FAILED: Build did NOT complete successfully (0 packages loaded)
ERROR: Build failed. Not running target
FAILED: Build did NOT complete successfully (0 packages loaded)
Traceback (most recent call last):
File "build.py", line 380, in
main() File "build.py", line 375, in main shell(command) File "build.py", line 47, in shell output = subprocess.check_output(cmd) File "/usr/lib/python3.6/subprocess.py", line 356, in check_output **kwargs).stdout File "/usr/lib/python3.6/subprocess.py", line 438, in run output=stdout, stderr=stderr) subprocess.CalledProcessError: Command '['./bazel-2.0.0-linux-x86_64', 'run', '--verbose_failures=true', '--config=short_logs', '--config=mkl_open_source_only', '--config=cuda', '--define=xla_python_enable_gpu=true', ':install_xla_in_source_tree', '/home/reza/jax/build']' returned non-zero exit status 1.
For some reason, I can not do the downgrade. Any suggestions on how to fix it?

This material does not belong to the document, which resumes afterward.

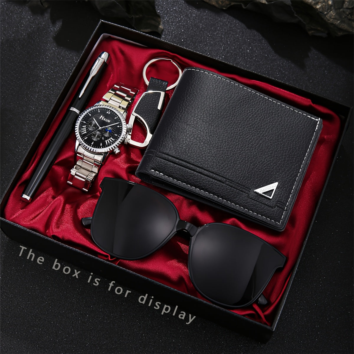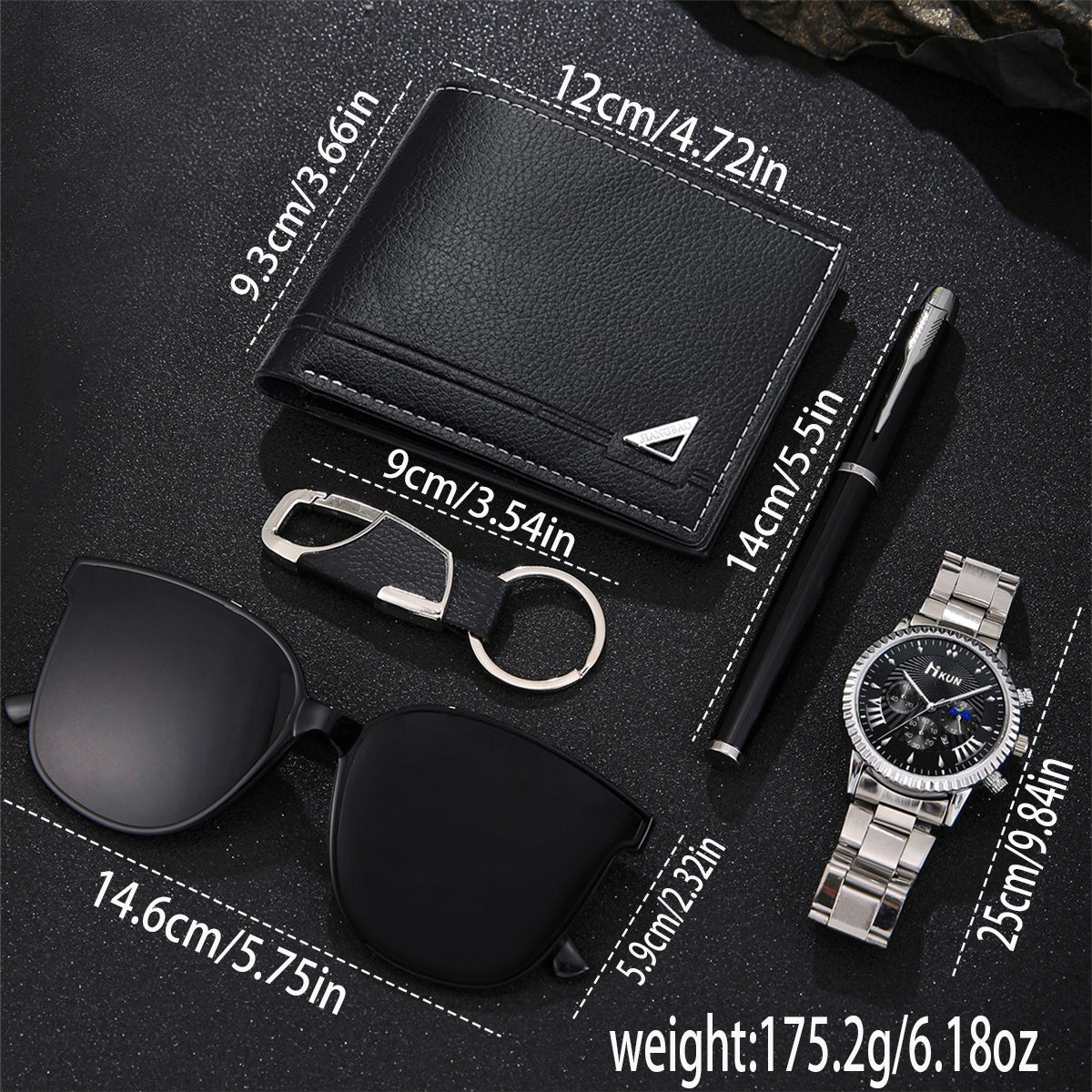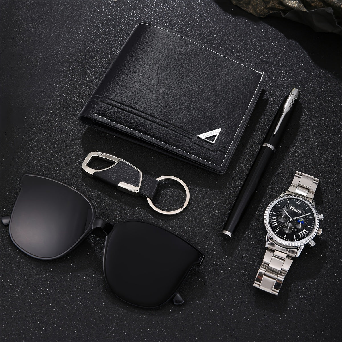 5pcs Stylish Business Casual Men's Quartz Watch Set with Wallet, Glasses, Keychain & Pen

Hey, sorry for the delay on this. I'm not sure what's going on with your build unfortunately, but I was able to build CUDA 11.1 jaxlib wheels in a docker container (via build_jaxlib_wheels.sh). Can you use the just-released prebuilt CUDA 11.1 wheel, or are you trying to build from source for other reasons?
I haven't updated the installation instructions in the README yet but you should be able to use this command:
pip install --upgrade jax jaxlib==0.1.56+cuda111 -f https://storage.googleapis.com/jax-releases/jax_releases.html
I think we can close this issue since there's been no activity for a long time, and there was no response to the suggestions about how to fix things.